While I was waiting, I walked to the bathroom and caught a glimpse of myself in a full-length mirror and saw I was wearing my sexy red nightgown. Hugely pregnant and wearing my red nightgown. Now, this isn't humanly possible, given the style of said nightgown and the enormity of my belly when pregnant. Stunned, I turned right around and went back to my room.

Then the people came in and I stood on my hospital bed throughout the meeting, rubbing my belly. When it was over, I told the whole room (which had at some point changed into a conference room with my bed at the head of the table, "no...I won't consent." I was, at this point, wearing the hospital gown again...Though it wasn't open in the back like most hospital gowns.

The people started to disperse, I climbed down from the bed, and the doctor who wanted to perform the study came up to me and said, "I thought perhaps if I could explain things a little more to you and answer your questions that you might consent." In that moment I had a realization and I told her, all while still rubbing my moving belly, "You don't understand. My last baby was stillborn. I won't share this baby with anyone...Not even for a moment. It's very important to me and you'll just have to forgive me."
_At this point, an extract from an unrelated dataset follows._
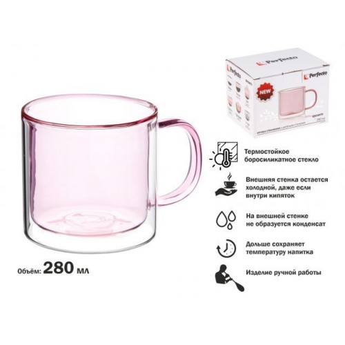 Кружка стеклянная с двойными стенками дольше сохраняет температуру напитка. Горячее будет долго не остывать, а холодные напитки, напротив, не будут становится теплыми.Стакан не будет обжигать руки и деформировать поверхности. Такие способности придают этой кружке двойные стенки и прослойка воздуха, находящаяся между ними.
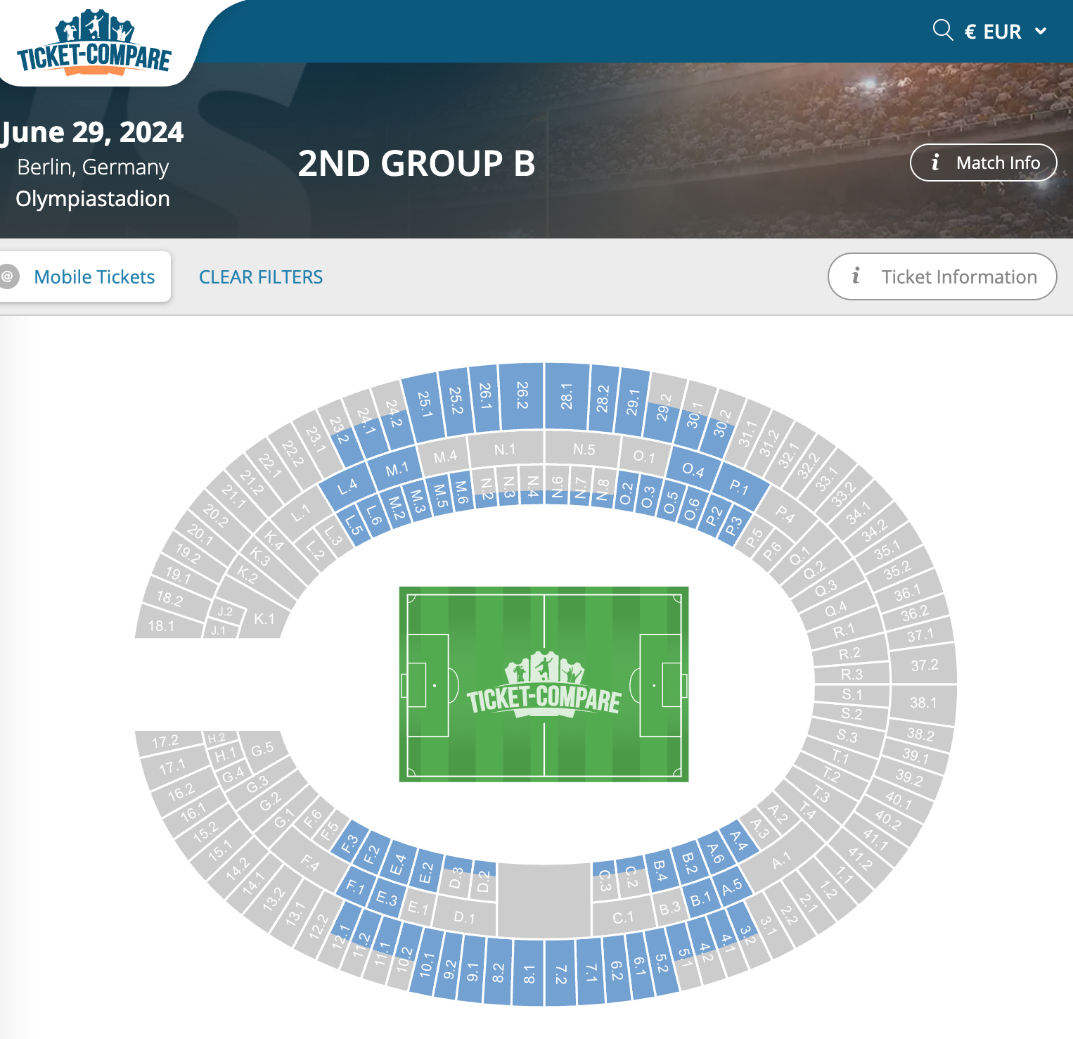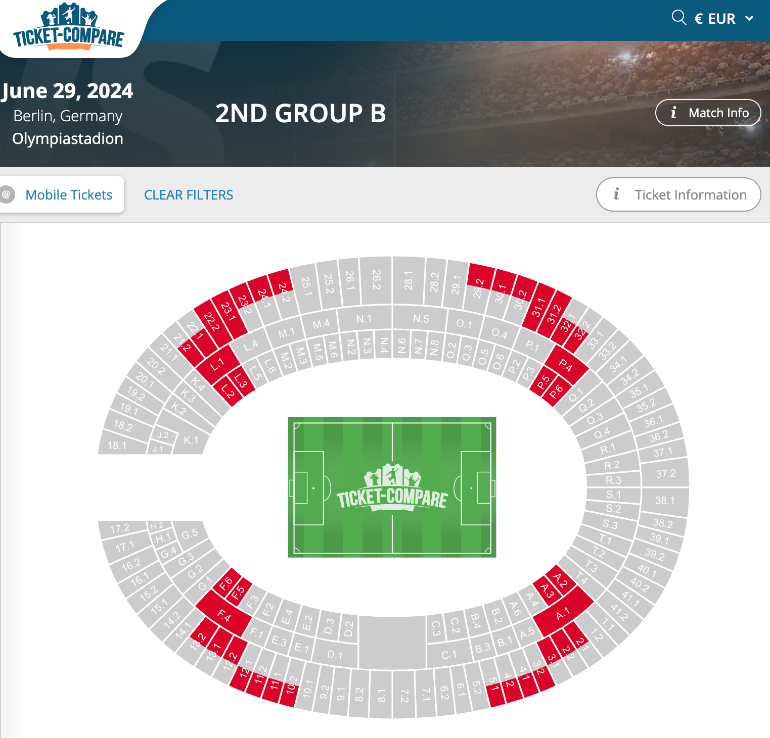 På det sekundære markedet vil prisene naturligvis være høyere. En uke inn i turneringen var dette de rimeligste billettene til kvartfinalen i Berlin 29. juni:

Steve woke me and I almost didn't want to get out of bed because I could still feel the movement. It wasn't like I was dreaming it was Alex, I openly acknowledged that Alex was gone and this was a different baby. I wanted to savor that feeling. But at the same time, I wanted to shake it off and remove it entirely from my thoughts. I showered and felt sad when I ran my hand over my sagging belly...What is left of the last time I was pregnant.

The thing I remember is the movement in my belly. I kept my hand on the right side of my belly the whole time. And he kicked and wiggled so that I knew he was ok. The kicking let me know this baby was fine...I knew he was fine and we were all going to be fine...As long as I didn't listen to those people. But that feeling. I miss that feeling. I have, from the first day, felt a sort of emptiness that I can't describe to anyone. I simply don't have the words for it. It's obviously emotional. But it is physical too. I remember having a somewhat similar feeling after giving birth to Sam. But it seemed to correct itself and I felt better after the postpartum hormones wore off. I was feeling like "myself" again physically. Now I feel weak and empty. It's similar...But very different. Like I said, I really can't explain it adequately.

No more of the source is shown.